Records for this exercise:

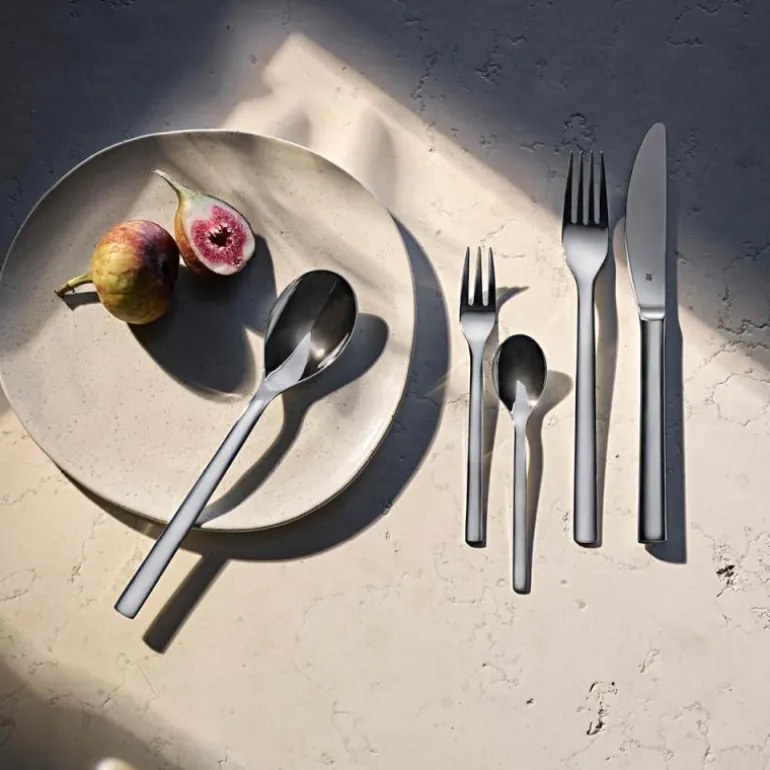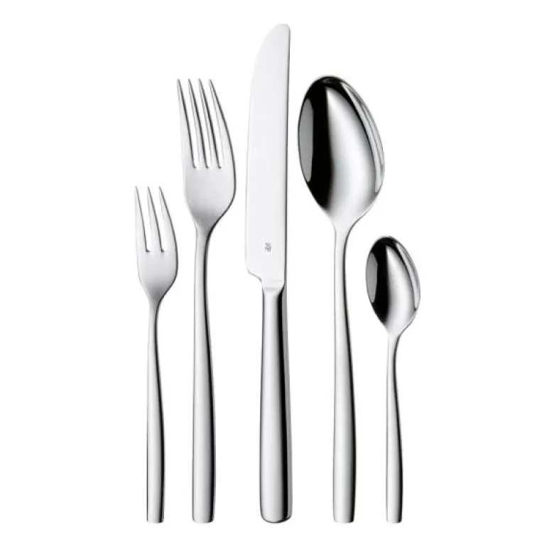 Dekk bordet med dette flotte 30 delers Palma-bestikksettet fra WMF, som imponerer med sine nøytrale linjer og vakre former, og som rett og slett passer perfekt til enhver borddekking. Et enkelt og elegant bestikk fremstilt i Cromargan® rustfritt stål 18/10 i høy kvalitet som holder år etter år. Og det utrolig flotte designet slår aldri feil. Bestikkets ergonomiske design er basert på mange års erfaring og ekspertise, noe som WMF er berømt for, og ligger derfor perfekt i hånden. Knivene er smidd av ett enkelt stykke spesialbladstål og herdet som en helhet. Den spesialdesignede taggete eggen er med på å sikre en optimal og langtidsholdbar skarphet. Tåler oppvaskmaskin for rask og enkel rengjøring. Settet leveres i en flott eske for en sikker og praktisk oppbevaring.
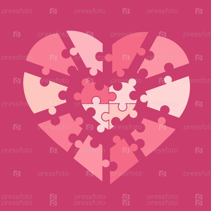 Материал головоломки в форме сердца. Сердце, головоломка. Значок или символ выделен на белом фоне. День святого Валентина, любовь, романтика и отношения. Векторная иллюстрация
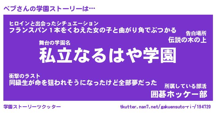 | 女子向けラノベタイトル風あだ名 | 『(仮)ベブのやんごとなき事情』 |
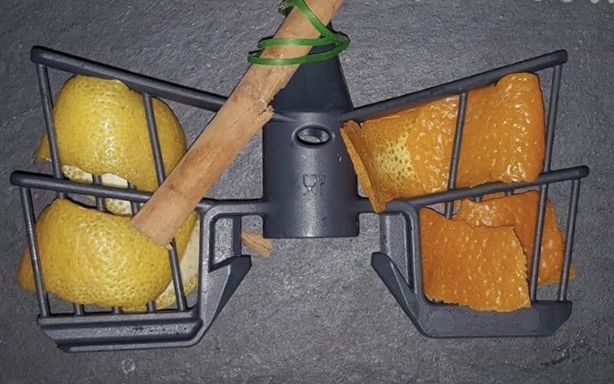 2 tiras de piel de naranja, sin nada de la parte blanca
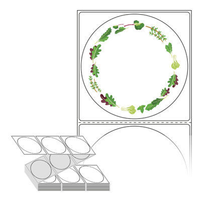 롤라벨보다 편리한 제트라벨, 규격코드: ZL8787, 디자인코드: DA049(건강한 야채 프레임), Φ87 (mm) 원형
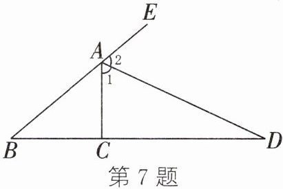7. 如图,在$\triangle ABC$中,$AD是\triangle ABC的外角\angle EAC$的平分线,且交$BC的延长线于点D$,你能比较$\angle ACB与\angle B$的大小吗?说出你的理由。
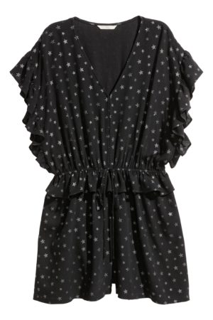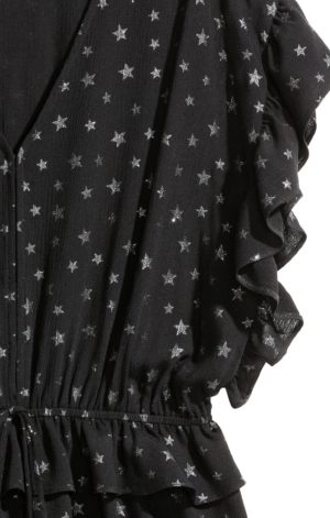 LКомбинезон из вискозной ткани с блестящим рисунком. На комбинезоне спереди треугольный вырез и застежка на потайные крючки. Короткий рукав с оборкой, переходящей на бока. Отрезной по резинке, кулиске и оборке на талии. Короткие брючины. Без подкладки.
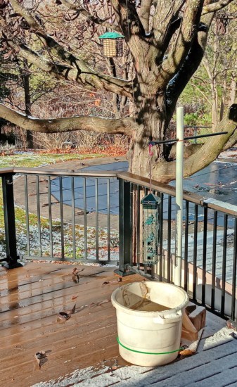 The flower bed beside the deck did better this year due to us removing the sunflower seed bird feeder. Without all the shucks burying everything, and without the pitter-patter of tiny squirrel and chipmunk feet trampling everything, we had something resembling a garden. For the winter, I’m trying a home-made hanger to place the feeder over our compost bin. Naturally, last night “someone” decided to tip the bin. Now it has two pavers inside it to make that job harder.
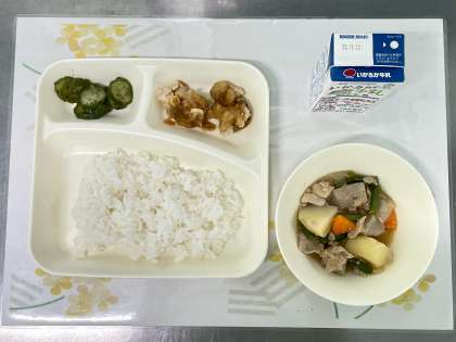 今日の献立は、あげどりのねぎだれかけ・豚肉とじゃがいもの煮もの・きゅうりの赤じそあえ・ごはん・牛乳です。
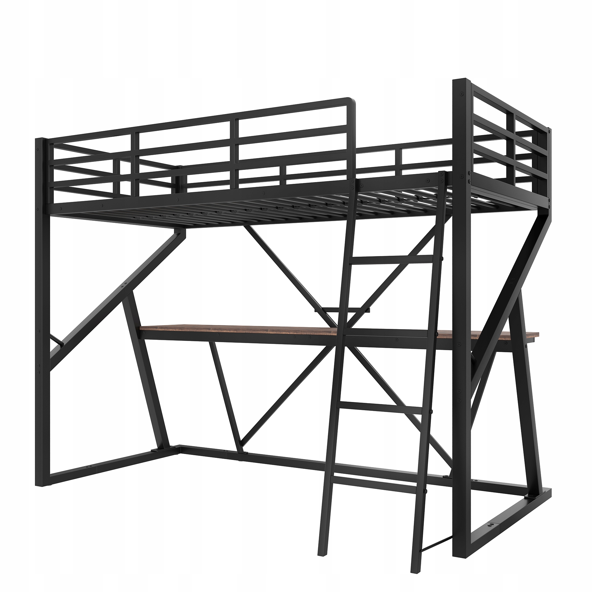 двухъярусная кровать 90 x 200 см, чугунная рама, светодиодная полоса, поручена, лестница, стол, без матраса, черный
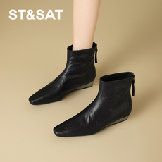 坡跟女鞋2025年新款真皮秋冬磨砂短靴尖头羊皮春秋女靴高跟马丁靴
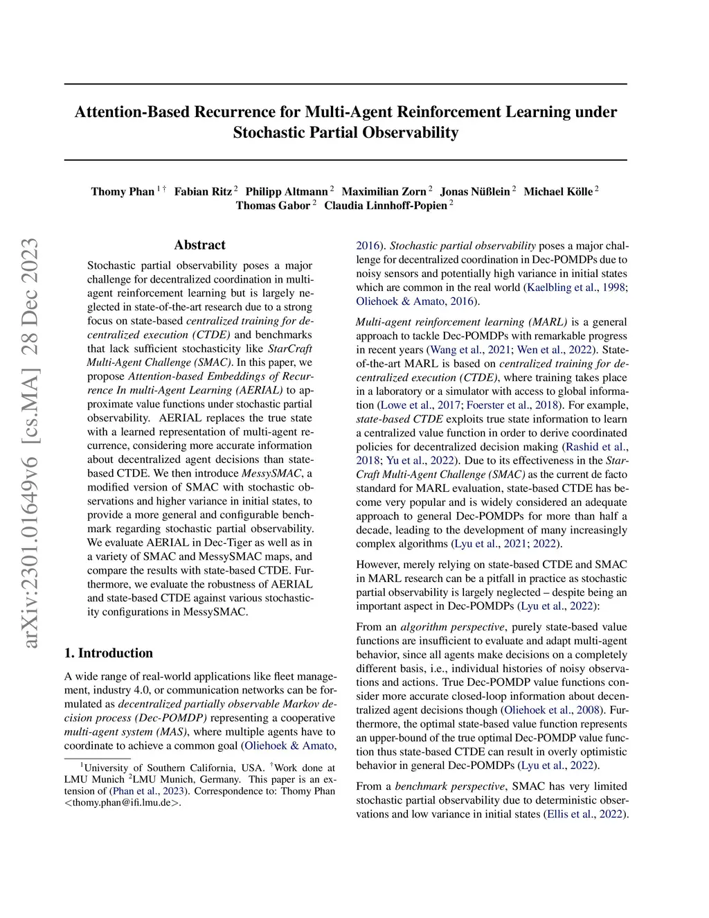Stochastic partial observability poses a major challenge for decentralized coordination in multi-agent reinforcement learning but is largely neglected in state-of-the-art research due to a strong focus on state-based centralized training for decentralized execution (CTDE) and benchmarks that lack sufficient stochasticity like StarCraft Multi-Agent Challenge (SMAC). In this paper, we propose Attention-based Embeddings of Recurrence In multi-Agent Learning (AERIAL) to approximate value functions under stochastic partial observability. AERIAL replaces the true state with a learned representation of multi-agent recurrence, considering more accurate information about decentralized agent decisions than state-based CTDE. We then introduce MessySMAC, a modified version of SMAC with stochastic observations and higher variance in initial states, to provide a more general and configurable benchmark regarding stochastic partial observability. We evaluate AERIAL in Dec-Tiger as well as in a variety of SMAC and MessySMAC maps, and compare the results with state-based CTDE. Furthermore, we evaluate the robustness of AERIAL and state-based CTDE against various stochasticity configurations in MessySMAC.

Your objective:
In the material above, the stretch from the line with "двухъярусная кровать 90" through the line with "坡跟女鞋2025年新款真皮秋冬磨砂短靴尖头羊皮春秋女靴高跟马丁靴" is to be given again exactly, minus the pictures.

Solved problem:
 двухъярусная кровать 90 x 200 см, чугунная рама, светодиодная полоса, поручена, лестница, стол, без матраса, черный
 坡跟女鞋2025年新款真皮秋冬磨砂短靴尖头羊皮春秋女靴高跟马丁靴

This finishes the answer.